**Dataset records**
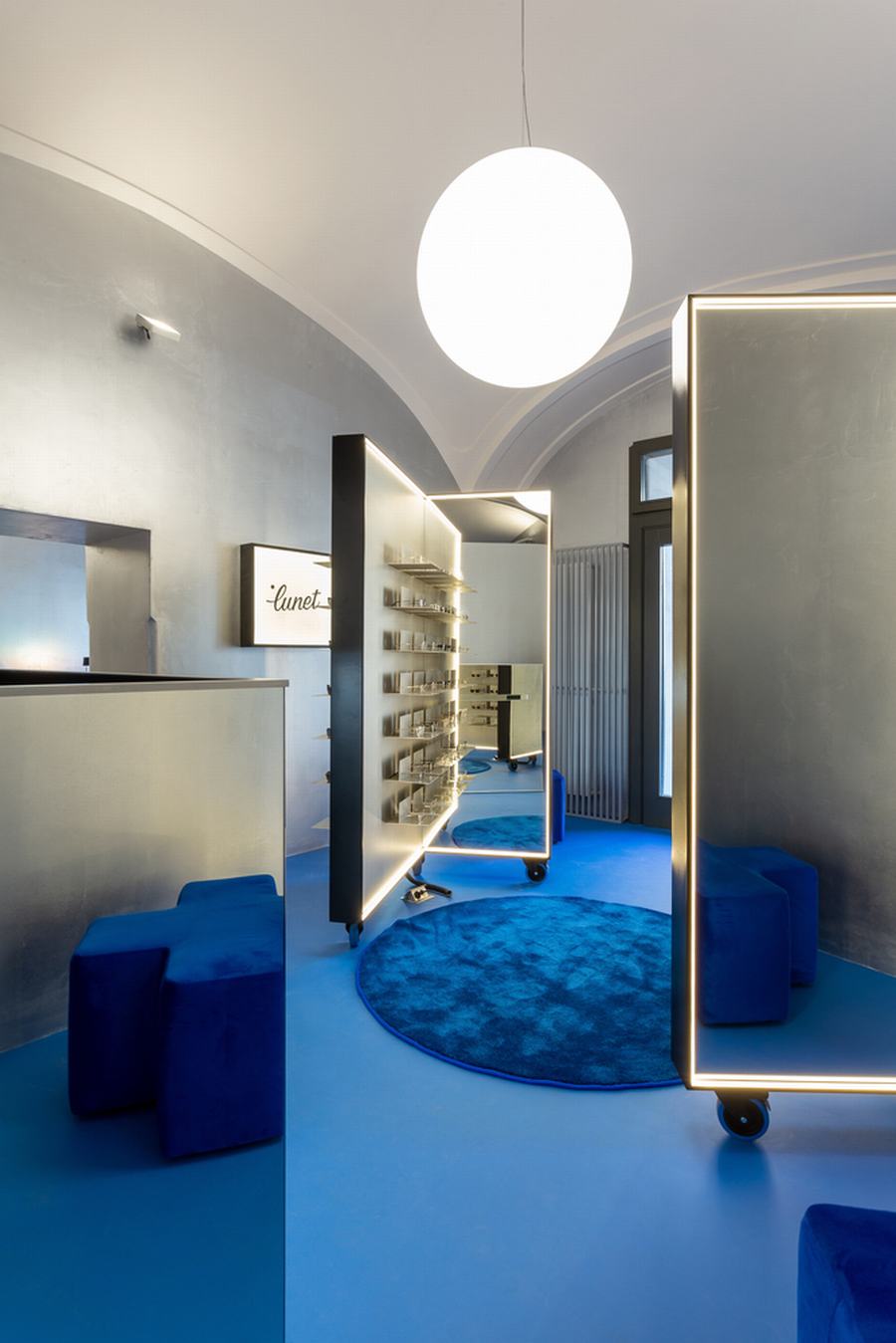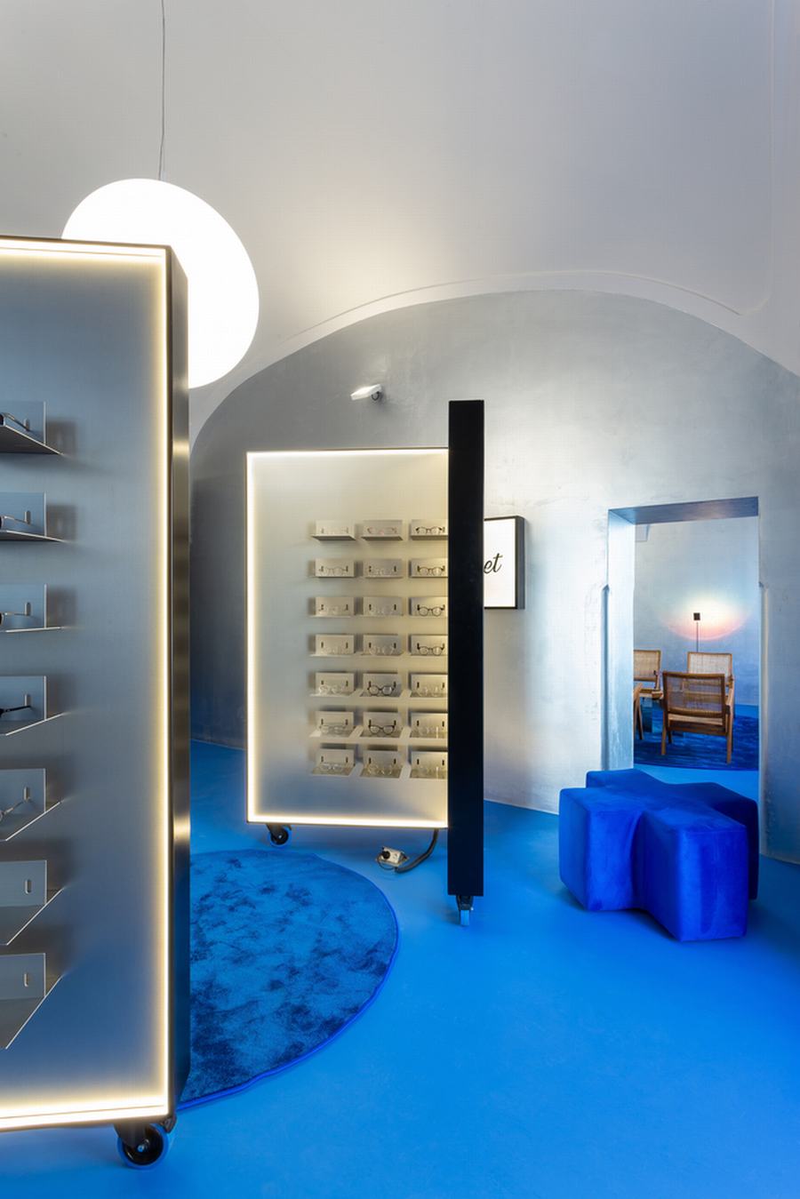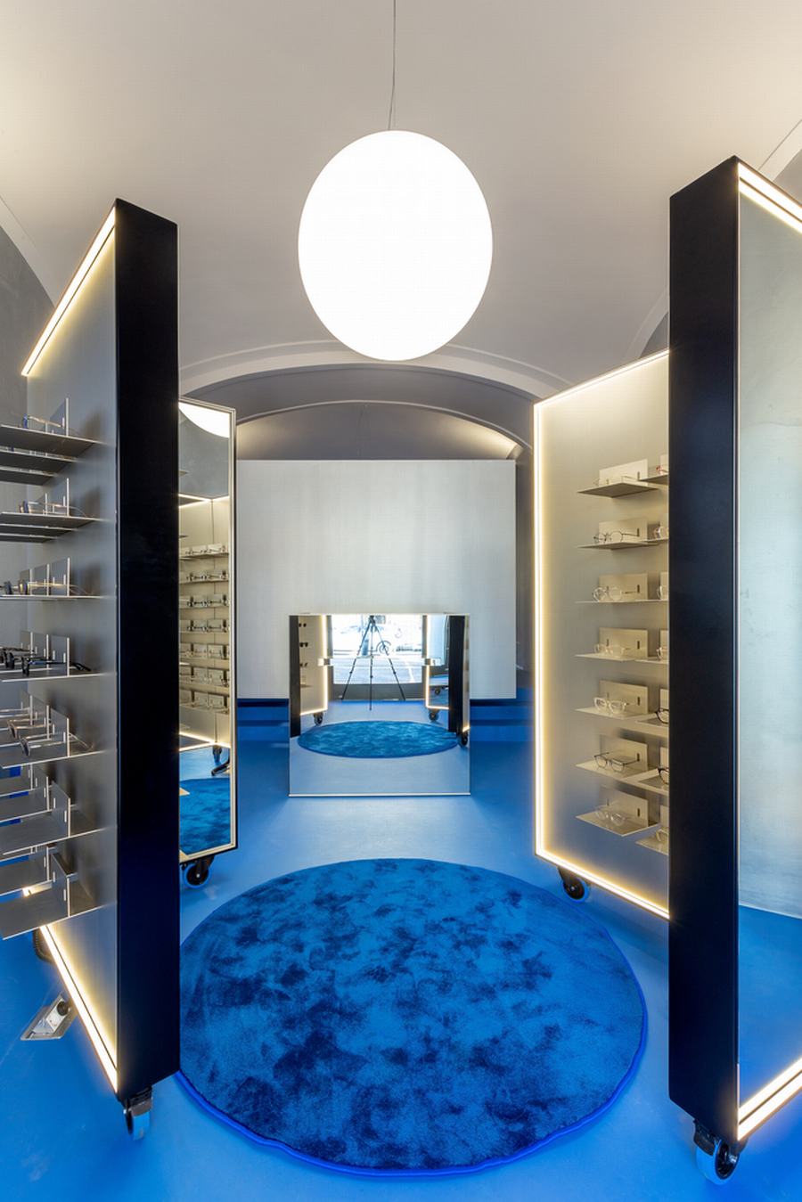 最重要的元素是眼镜展示,有相同的形状的第一家店创造了亲密的试镜站,可以让多个顾客同时试戴眼镜,并拥有一个有足够个人空间的私人区域,增加了 量身定制的,以客户为中心的体验。新设计中融入的第二个元素是银色的墙壁,这是对原始金属窗帘的重新诠释,作为鲜艳的蓝色地板和乳白色天花板拱门之间的渐变表面。
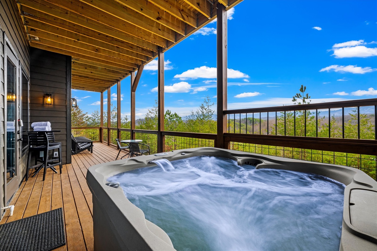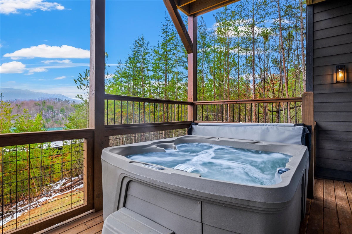 • Private hot tub overlooking the mountains
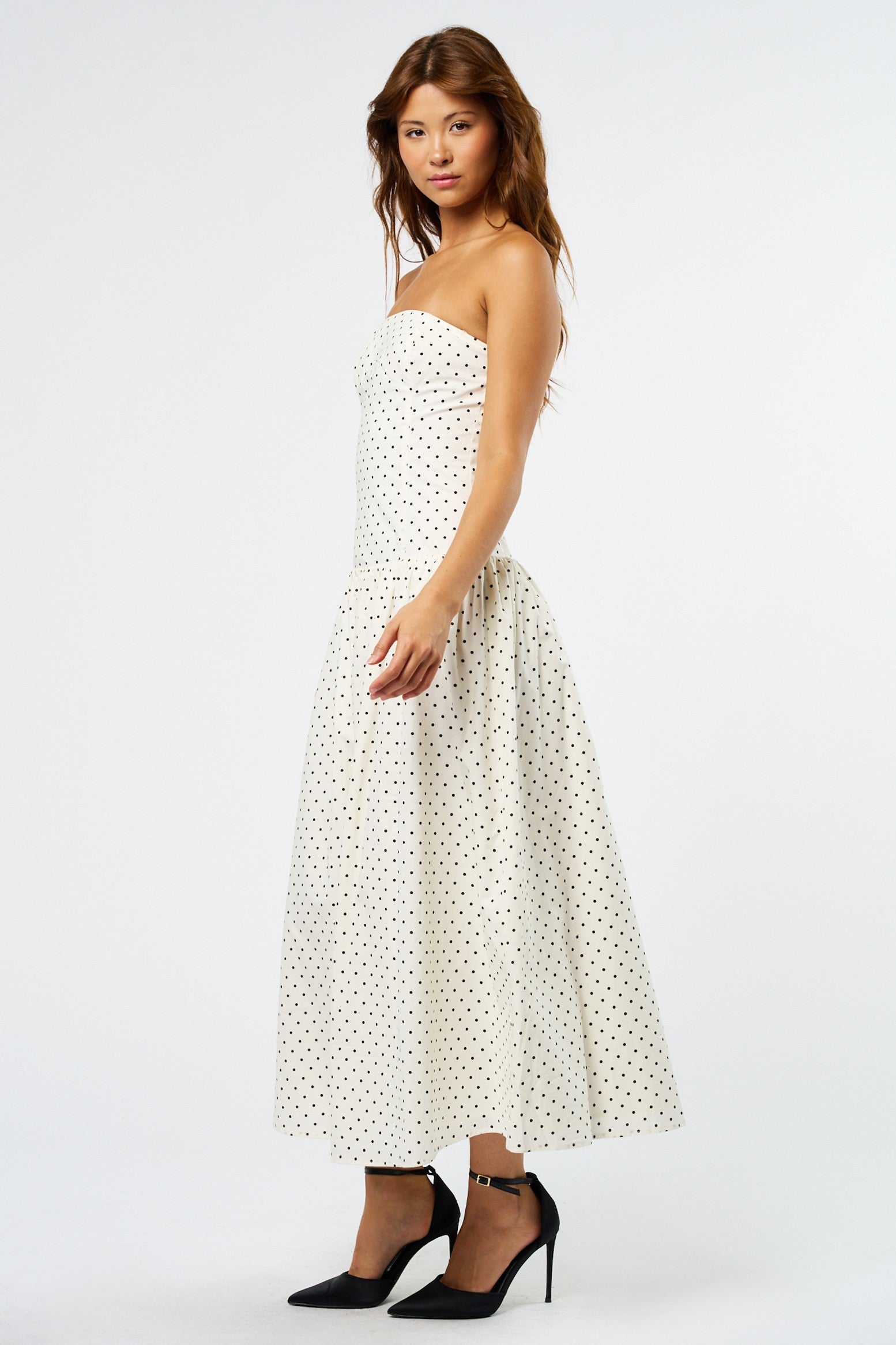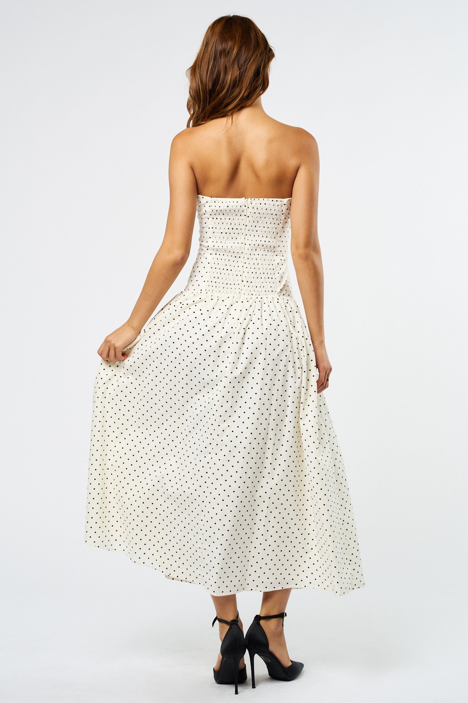 The Dottie Dreams Maxi Dress combines classic charm with a carefree vibe. Featuring a bold polka dot pattern and a sleek strapless tube design, this maxi dress flows effortlessly from sunny afternoons to breezy evenings. Its timeless print and flattering silhouette make it the perfect choice for vacations, brunch dates, or any occasion where you want to feel stylish and comfortable.
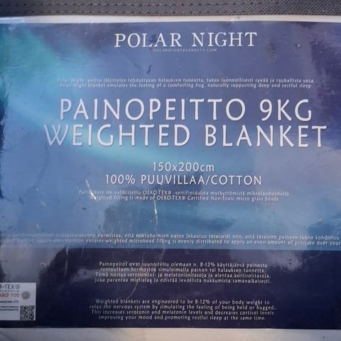 Myydään parina yönä testattu painopeitto 9 kg. Ei ole pesty. Päällä on ollut pussilakana käytettäessä.
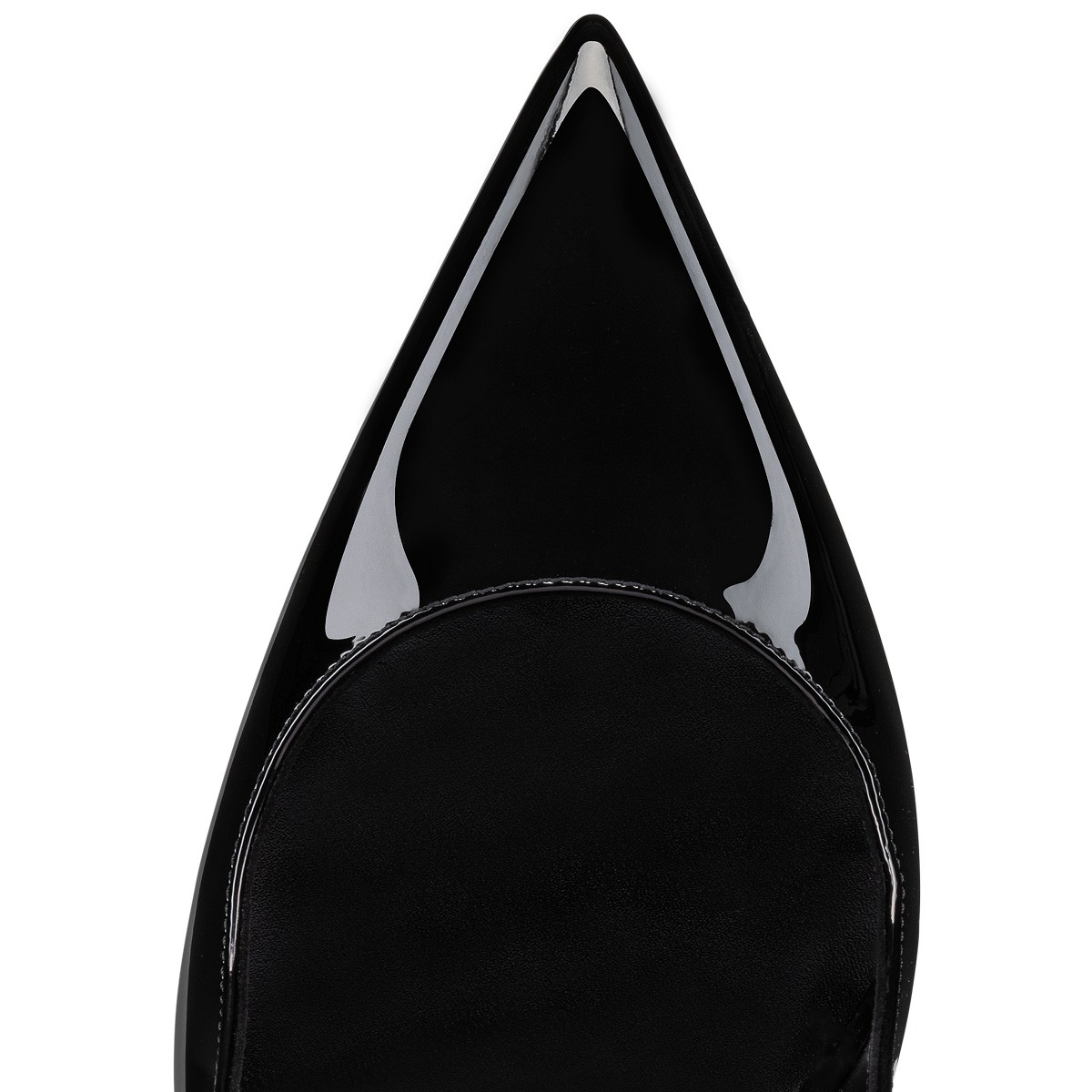 The Condora Sling pump has a pointed toe like a bird's beak. This sophisticated style in black patent leather has a daring low-cut vamp revealing the foot. It has a 100 mm slanted heel, showcasing Maison Christian Louboutin's innovative creativity and a slender ankle strap. With its sleek lines playing with graphic elements, this loafer exudes timeless elegance.

**ASSIGNED TASK**
Leaving every picture behind, retype the entries above exactly, from the first line through the line with "overlooking the mountains", and stop there.

**WRITTEN SOLUTION**
 最重要的元素是眼镜展示,有相同的形状的第一家店创造了亲密的试镜站,可以让多个顾客同时试戴眼镜,并拥有一个有足够个人空间的私人区域,增加了 量身定制的,以客户为中心的体验。新设计中融入的第二个元素是银色的墙壁,这是对原始金属窗帘的重新诠释,作为鲜艳的蓝色地板和乳白色天花板拱门之间的渐变表面。
 • Private hot tub overlooking the mountains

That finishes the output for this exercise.